What the fascia? – why I love myofascial release work. 

As some of you know, I recently completed a training on myofascial release (‘MFR’) with the wonderful Tiffany Cruikshank of Yoga Medicine. It was a week of tremendous learning and (I don’t use this word lightly) inspiration, and has left me incredibly excited to incorporate more MFR (e.g. lying on blocks, balls, massage) into TPRYoga classes.

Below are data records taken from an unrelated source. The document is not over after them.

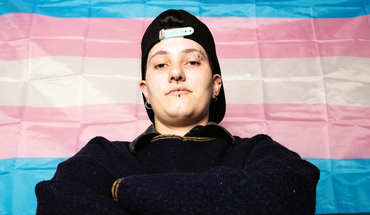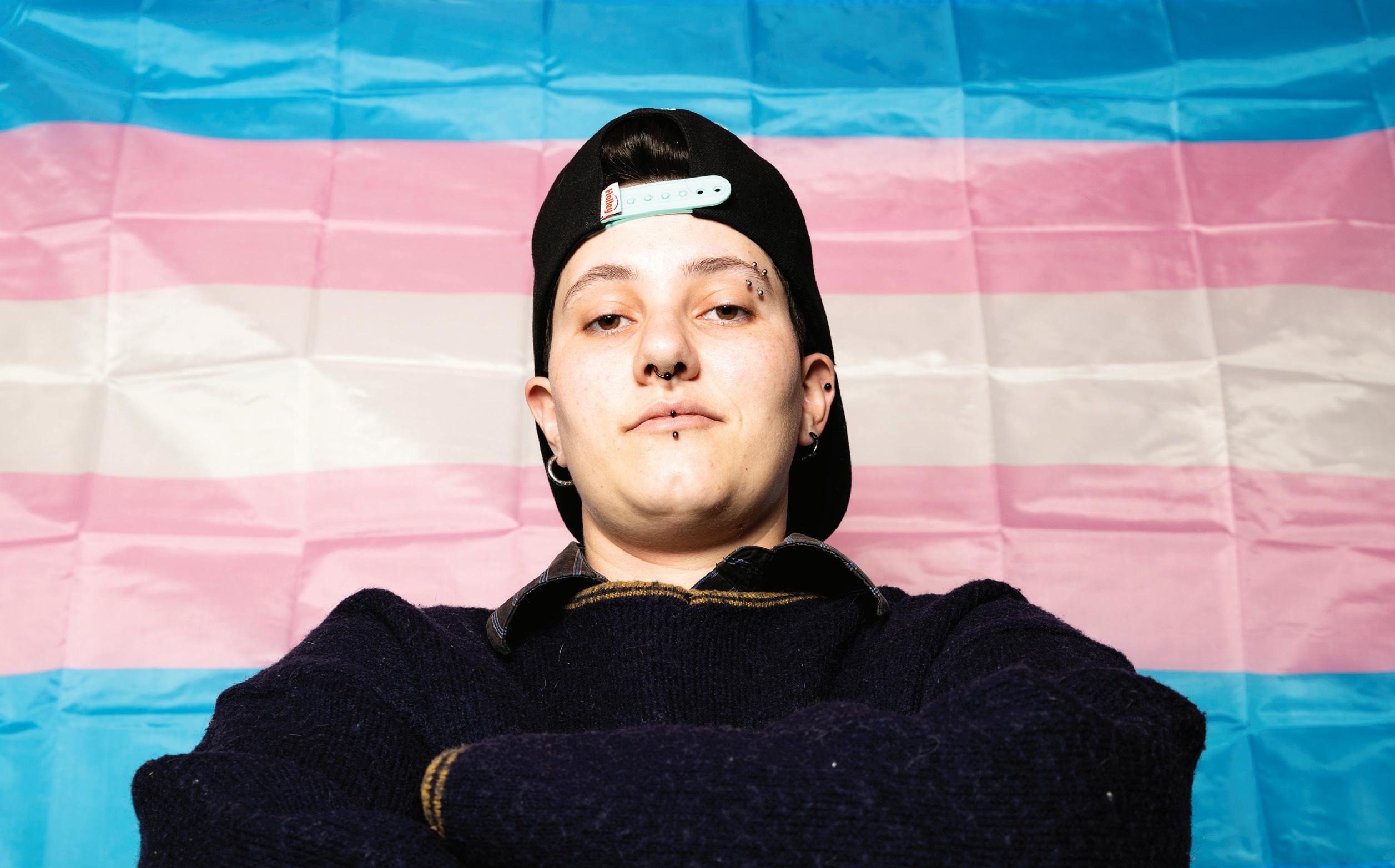 Jay Byrd, a transgender person, stands in the front of a transgender flag at Downing Student Union. Byrd was part of the Stonewall LLC, a living-learning community that supported LGBTQ+ students on campus.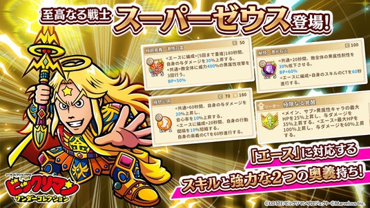 「[至高なる戦士]スーパーゼウス」はゲームだけのオリジナルキャラクターで、奥義を2つとエース編成に対応したスキルを持っており、「[爆神]ヤマト爆神」は、新たな効果を持っております。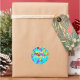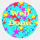 Round award sticker is decorated with colourful stars over a light blue background. This design can be customised. Perfect for school rewards.

“Tam, why should I care about lying on a tennis ball?” I hear you ask. Fair question. You are a busy person with stretches to do and people to see – why should you care? Below you will find a not short summary of my favourite things (so far) about MFR. I warn you (a) it’s geeky (b) once you’re hooked there’s really no going back.

Fascia Favourites 

  • Interconnected nature

At its superficial level, the fascia is the connective tissue that forms a continuous system across your whole body, like a cat suit. Its structure alone reinforces the yogic principle of interconnectedness. When working with one section of the fascia, you will inevitably affect another, teaching you to think holistically about your body. (This is a big one. So often we encounter body narratives that focus on one element of our body, and our wish to ‘improve’ it. Once you accept your body as an interconnected system deserving of care at all levels, it tips this entire dialogue upside-down.. e.g. “I’m sorry, Im not interested in talking about thigh gaps, I’m busy taking care of the scaffolding of my entire body over here”.)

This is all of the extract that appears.